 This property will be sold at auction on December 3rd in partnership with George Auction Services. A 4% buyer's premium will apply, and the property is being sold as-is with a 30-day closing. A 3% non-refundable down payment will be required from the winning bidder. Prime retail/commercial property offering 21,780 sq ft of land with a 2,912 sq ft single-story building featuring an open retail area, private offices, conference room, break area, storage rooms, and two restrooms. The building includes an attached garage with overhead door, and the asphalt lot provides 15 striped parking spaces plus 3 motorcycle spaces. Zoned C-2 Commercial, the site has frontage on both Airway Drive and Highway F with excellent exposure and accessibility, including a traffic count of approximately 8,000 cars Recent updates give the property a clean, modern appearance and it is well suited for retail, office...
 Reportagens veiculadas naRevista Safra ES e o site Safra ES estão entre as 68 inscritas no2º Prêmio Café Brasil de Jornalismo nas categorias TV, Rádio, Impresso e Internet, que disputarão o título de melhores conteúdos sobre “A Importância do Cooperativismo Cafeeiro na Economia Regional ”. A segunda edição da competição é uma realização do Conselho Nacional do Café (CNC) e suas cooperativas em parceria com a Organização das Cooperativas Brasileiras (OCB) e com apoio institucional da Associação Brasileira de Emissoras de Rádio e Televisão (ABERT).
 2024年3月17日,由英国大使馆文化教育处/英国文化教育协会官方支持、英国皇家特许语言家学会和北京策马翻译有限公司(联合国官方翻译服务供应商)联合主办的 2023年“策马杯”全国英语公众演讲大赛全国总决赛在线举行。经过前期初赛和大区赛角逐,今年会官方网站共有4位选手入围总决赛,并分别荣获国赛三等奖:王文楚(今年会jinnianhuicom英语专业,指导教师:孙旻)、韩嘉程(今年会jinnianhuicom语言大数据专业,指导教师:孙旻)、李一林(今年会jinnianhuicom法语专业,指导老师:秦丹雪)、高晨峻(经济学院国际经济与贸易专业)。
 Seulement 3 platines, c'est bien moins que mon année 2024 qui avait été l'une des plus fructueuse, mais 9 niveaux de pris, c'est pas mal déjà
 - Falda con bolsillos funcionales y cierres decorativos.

--

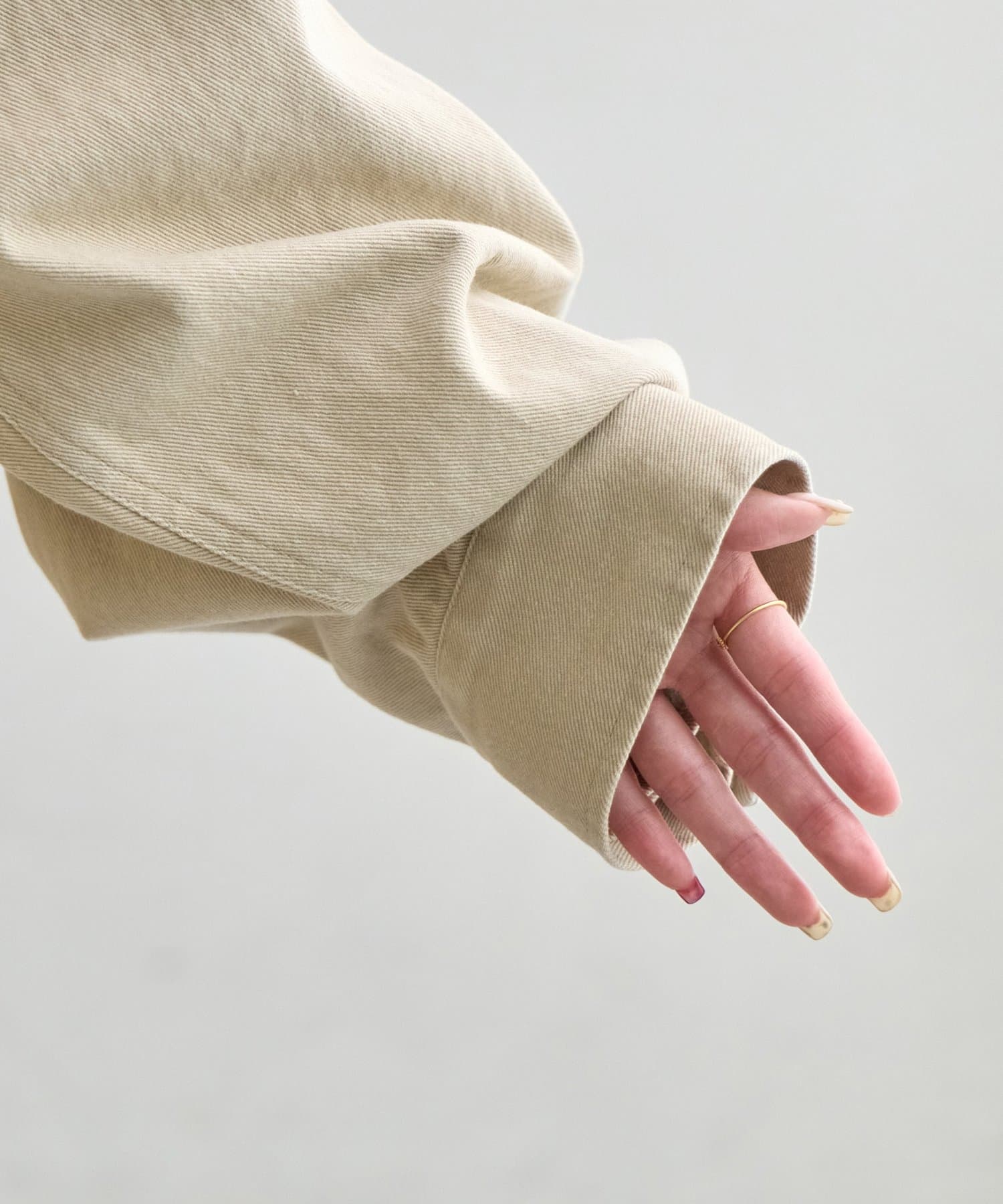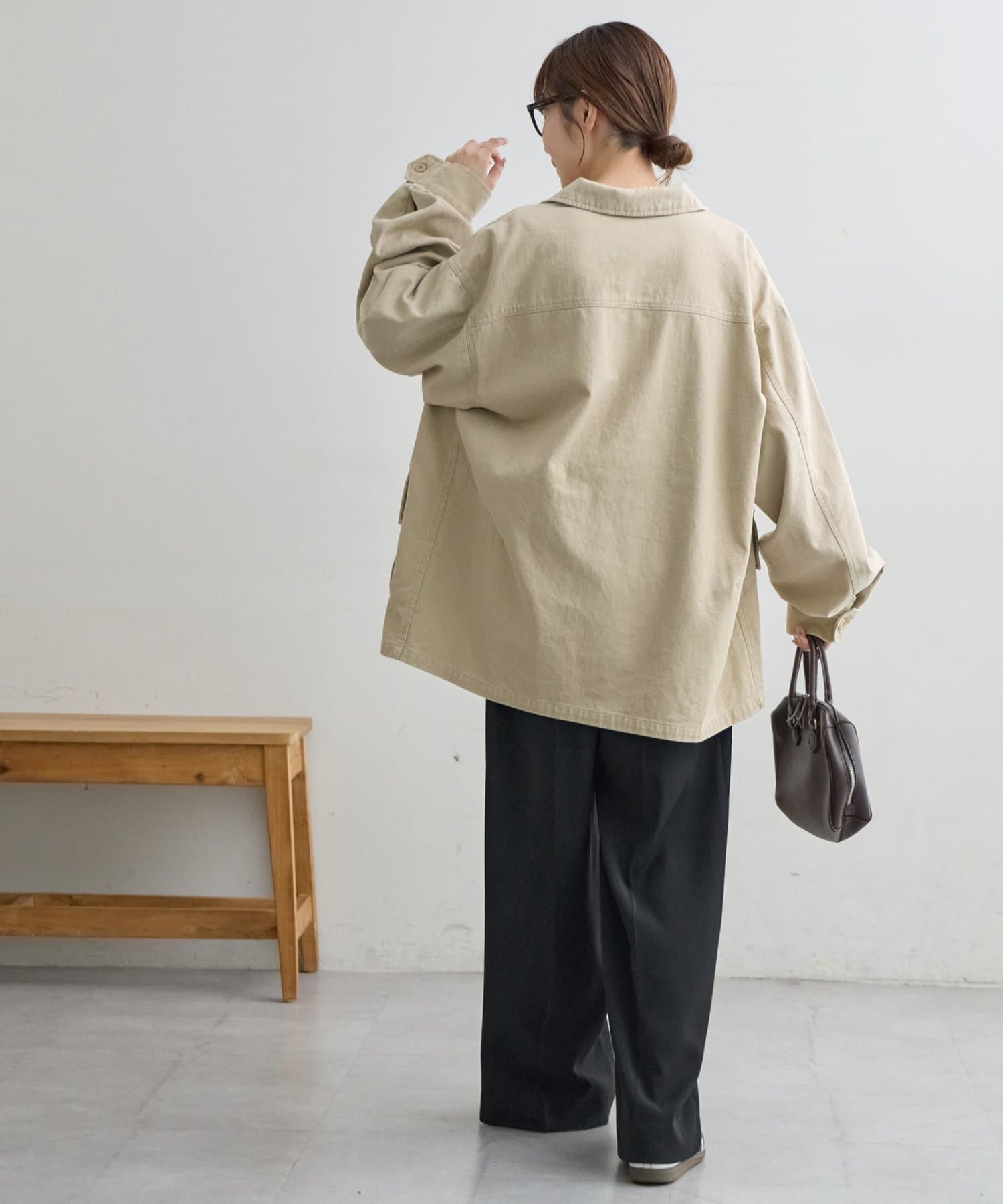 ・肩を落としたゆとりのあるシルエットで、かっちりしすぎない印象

==

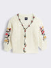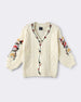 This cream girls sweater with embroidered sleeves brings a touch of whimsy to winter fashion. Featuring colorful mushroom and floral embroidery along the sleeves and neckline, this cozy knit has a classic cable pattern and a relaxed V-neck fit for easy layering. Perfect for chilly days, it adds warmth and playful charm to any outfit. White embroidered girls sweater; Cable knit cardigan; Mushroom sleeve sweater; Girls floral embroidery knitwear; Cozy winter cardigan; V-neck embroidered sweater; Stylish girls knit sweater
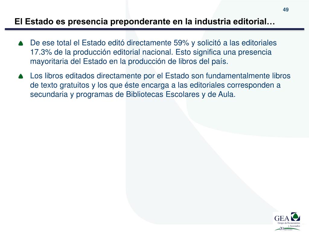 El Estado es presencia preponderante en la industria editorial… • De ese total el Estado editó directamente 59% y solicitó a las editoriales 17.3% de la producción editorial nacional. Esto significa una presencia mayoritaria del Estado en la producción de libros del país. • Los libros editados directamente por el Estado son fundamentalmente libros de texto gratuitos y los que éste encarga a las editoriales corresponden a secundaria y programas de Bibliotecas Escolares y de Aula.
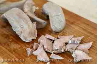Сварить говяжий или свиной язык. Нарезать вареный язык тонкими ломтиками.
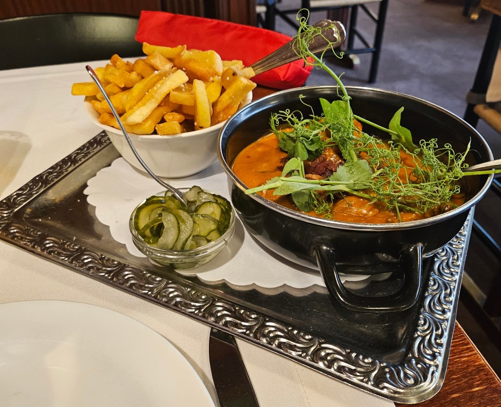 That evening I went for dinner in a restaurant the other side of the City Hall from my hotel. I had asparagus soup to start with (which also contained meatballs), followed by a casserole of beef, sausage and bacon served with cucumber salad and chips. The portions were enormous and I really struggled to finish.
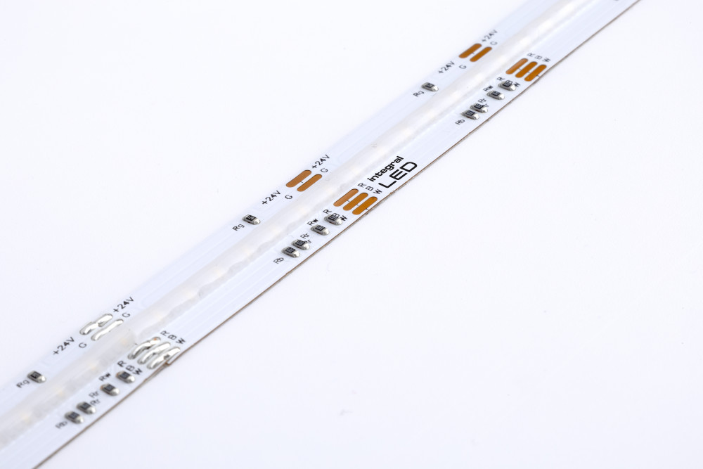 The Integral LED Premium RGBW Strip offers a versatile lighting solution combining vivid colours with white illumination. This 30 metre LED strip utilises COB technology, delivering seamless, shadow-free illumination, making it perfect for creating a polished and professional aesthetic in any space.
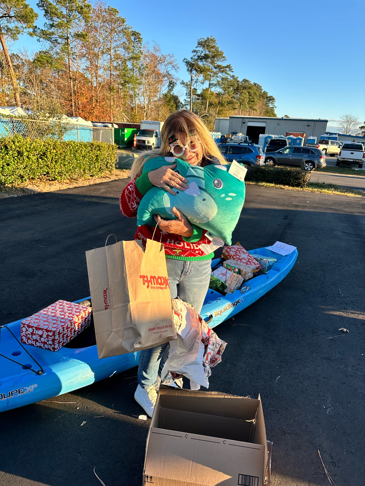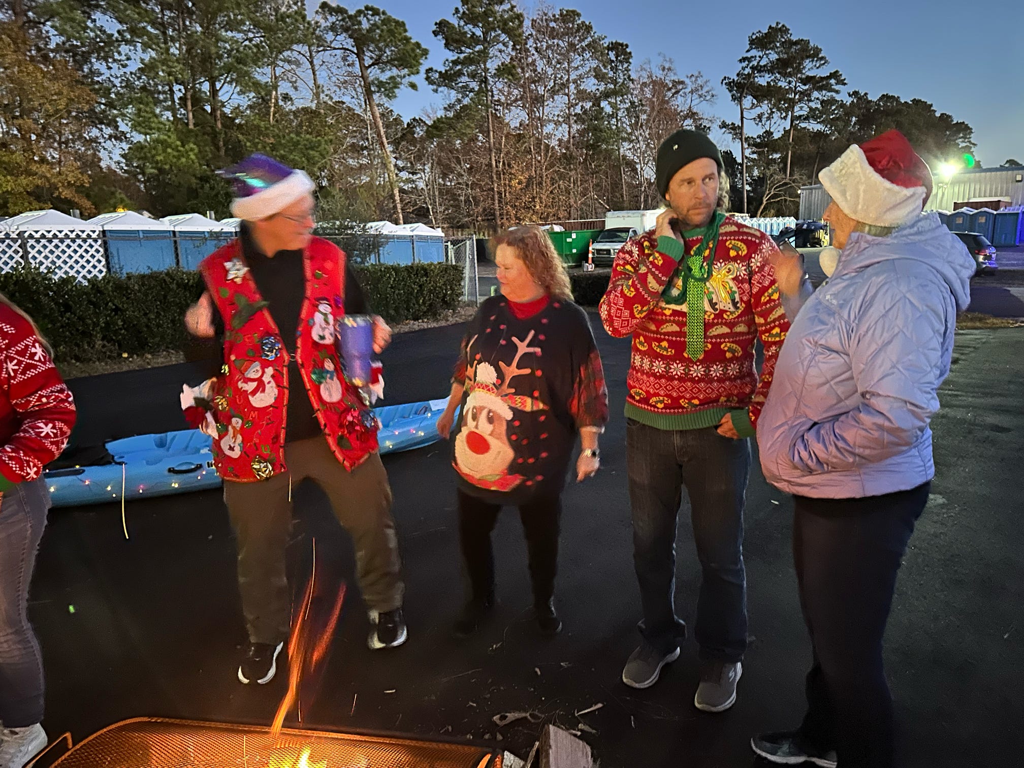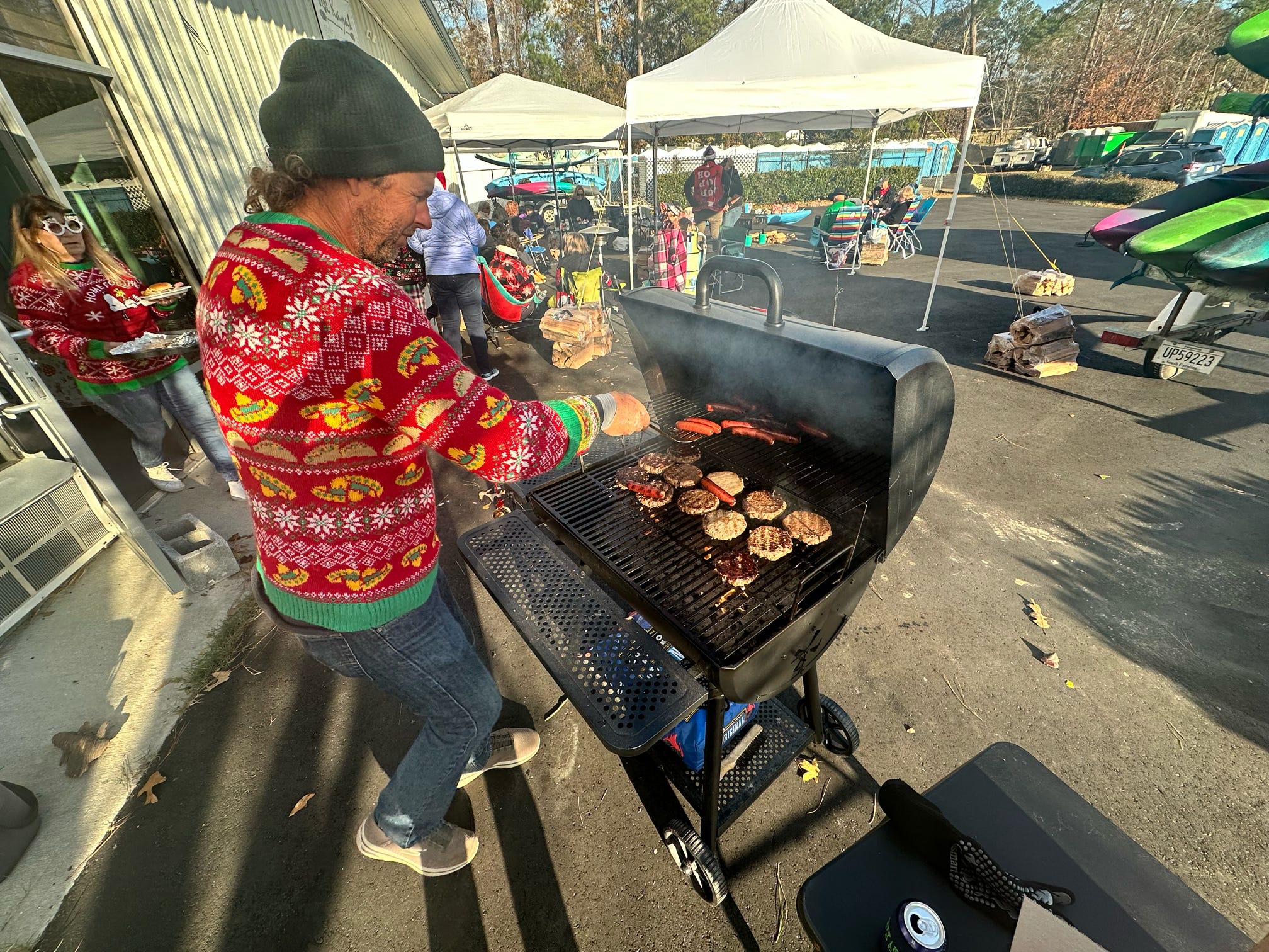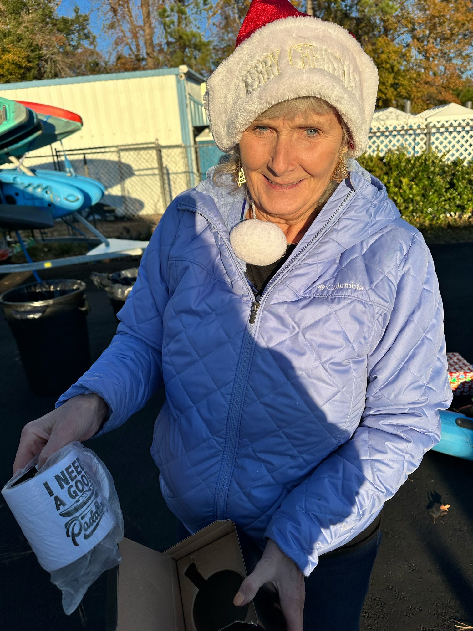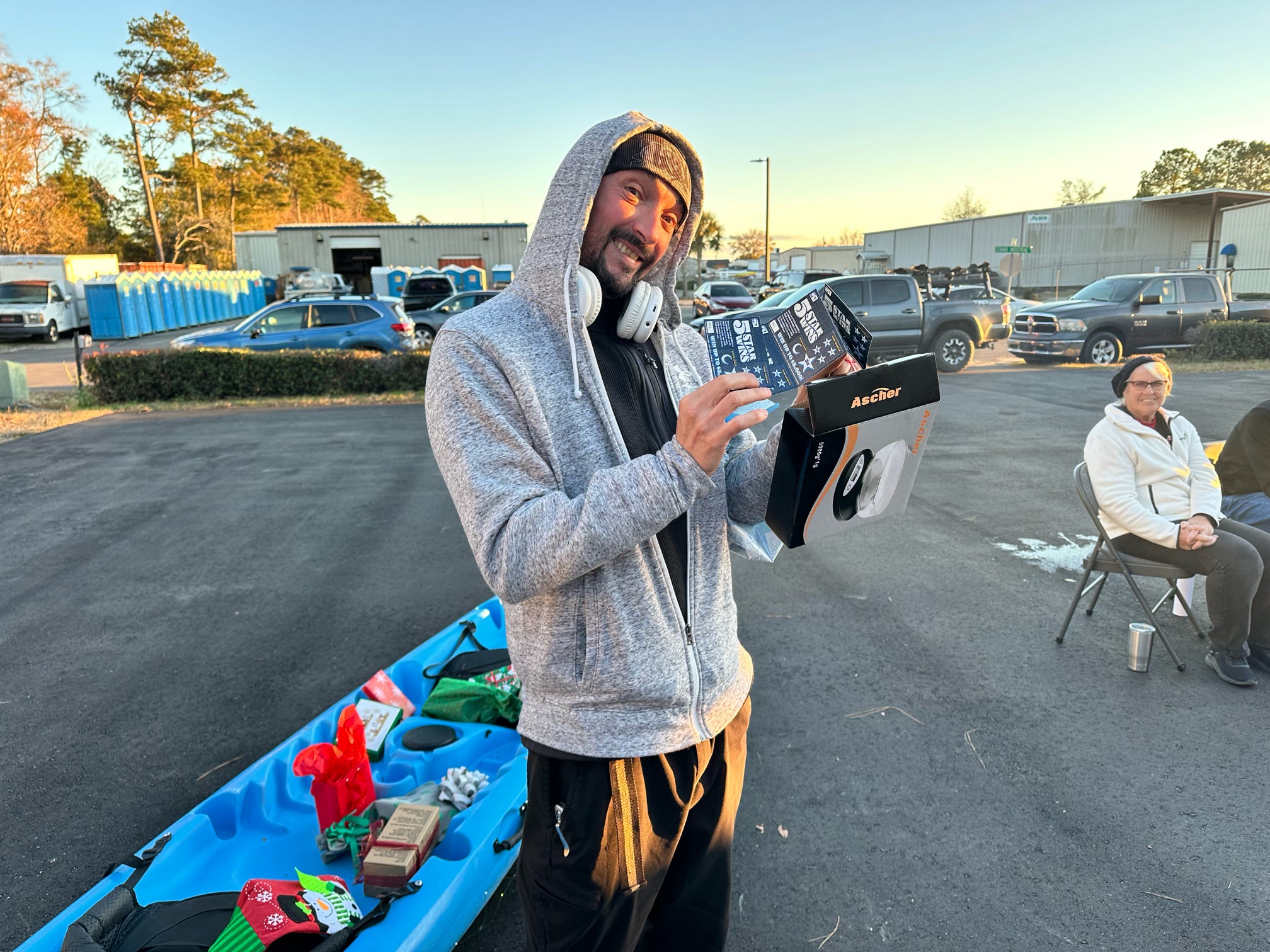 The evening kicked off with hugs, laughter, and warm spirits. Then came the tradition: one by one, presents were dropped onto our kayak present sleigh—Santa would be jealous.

What the exercise asks
Above is a listing; print exactly its lines from the one with "Seulement 3 platines, c'est" through the one with "- Falda con", and no other lines.

Task output
 Seulement 3 platines, c'est bien moins que mon année 2024 qui avait été l'une des plus fructueuse, mais 9 niveaux de pris, c'est pas mal déjà
 - Falda con bolsillos funcionales y cierres decorativos.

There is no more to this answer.